# 12 year old daughter dating a 16 year old boy...HELP!



## Foxycleopatra

*Looking for advice*

my daughter Jordan is 12 (13 in April) and is in year 7 at high school. Over the weekend she got a boyfriend who is 16! They go to the same school and have known each other for years. He has been to the house a few times and seems like an OK kid. I have told Jordan she will not be going to his house or going out on "dates" with him and when he is here they have to be in eyesight! 

My question is what do I do? I know what 16 year old boys want but I worry if I try to banish him she will rebel and go behind my back. I am soo not ready to be dealing with this yet!!


----------



## Foxycleopatra

oops! I read the forum heading a parents of teenagers not teenage parents 

Perhaps some of you lovely ladies can offer some advice from my daughters perspective?

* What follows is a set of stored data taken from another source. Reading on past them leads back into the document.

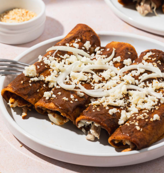 3 Piezas de enchiladas bañadas en mole.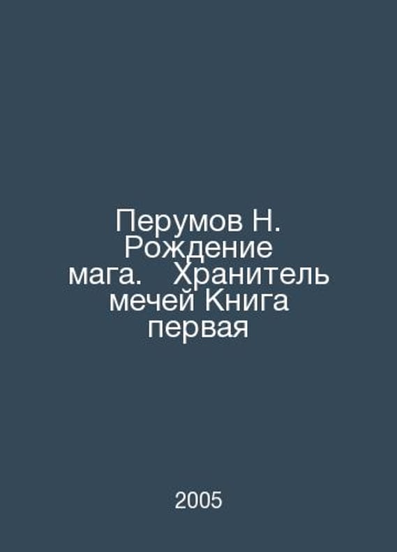 Perumov N. The Birth of a Magician. The Keeper of Swords Book One In Russian /Perumov N. Rozhdenie maga.†Khranitel mechey Kniga pervaya M. Exmo 2005. Contact us for details or to request photos of available books. Delivery of this book could take longer than normal due to additional handling time before shipping, and no rush delivery options are available. Please let us know if you have a specific date by which you need to receive your order.SKUalbad3891ea589c9396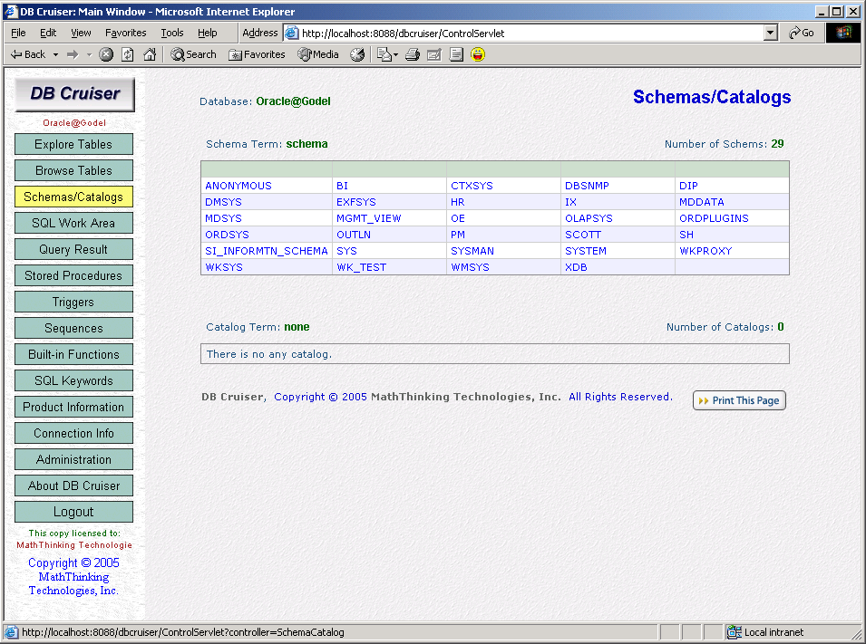 By selecting Database Schemas on the left-hand menu bar, Database Schemas panel will be displayed on the right, as shown on the screen above.

I was a teen mum myself to my daughter, I had her when I was 19!


----------



## tcinks

I have no first hand advice, but I would do the same as you. Not let them out on dates, but allow him over to see her and so you can get to know him too! And only allow him at his house if you know and trust his parents to keep an eye on them.

I wasn't allowed to date until 16 growing up, and while I didn't like it I didn't really rebel ,but I know some do. 12 seems awfully young...especially for a 16 year old boyfriend! :/ I definitely think you should invest lots of time getting to know him and talking to your daughter about boundaries and everything.

How did she react when you told her the rules?


----------



## Foxycleopatra

Thank you for replying.

She was fine with the rules so far but it has only been a few days.


----------



## AP

Foxycleopatra said:


> oops! I read the forum heading a parents of teenagers not teenage parents
> 
> Perhaps some of you lovely ladies can offer some advice from my daughters perspective?
> 
> I was a teen mum myself to my daughter, I had her when I was 19!

I can move this if you wish, just let me know :)


----------



## MummyMana

I think you are handling things well, and I can understand that your daughter likes this boy and likes the idea of dating etc and being able to "date" helps them learn how to form relationships in the adult world, and I think it's pretty normal for the younger ones to be interested in the older ones, however I must say I find it a little concerning that a 16 year old would have an interest in a 12 year old... Obviously you know him, but that fact alone just doesn't sit right with me... I don't know what I'd do in your situation though other than what you are already doing - keep a close eye on them, and remain open and honest with your daughter :)


----------



## Foogirl

I think the best thing you can do is to get to know the boy. Perhaps the assumption he is after something your daughter is too young for is an unfair one, and he's like the 16 year old boys I knew when I was that age, they were in to books and video games rather than sex and alcohol.

That aside, your daughter is of an age where you should be talking to her about the importance of self respect, and her right to say no.


----------



## BabyCleo

Im not a teen mum, but I left home at 17 (im 23 now) 

I think you are right, if you forbid it she may rebel and see him anyway. I like the idea of having escorted dates. If they want to go to the movies, a parent should be there. I started dating at 17, and all the guys I was with definitely had one thing on their mind that's for sure, but I never did anything at that age, and I wasn't pushed to do anything either. 

To be honest, I doubt the relationship would last long anyway. At that age 4 years is a huge deal, and they wont really have a lot in common. He is in highschool, shes not. But hey, maybe hes a great awesome guy and its meant to be! Just keep an eye on them :)


----------



## boobear2872

When I was 16, I babysat 12 yr olds. They all looked like kids to me. At this age and stage I do find it a bit weird even if he is nice. I guess all u van do is make rules and inforce them. Also would ask his parents to do the same


----------



## Babybear85

I'd not like.it.say they do.stay together and still.see each other when.He's 18 she's still only going to be 14...it wouldn't.feel.right to me


----------



## mum140381

not a chance for mine no way far to young imo but i am strict


----------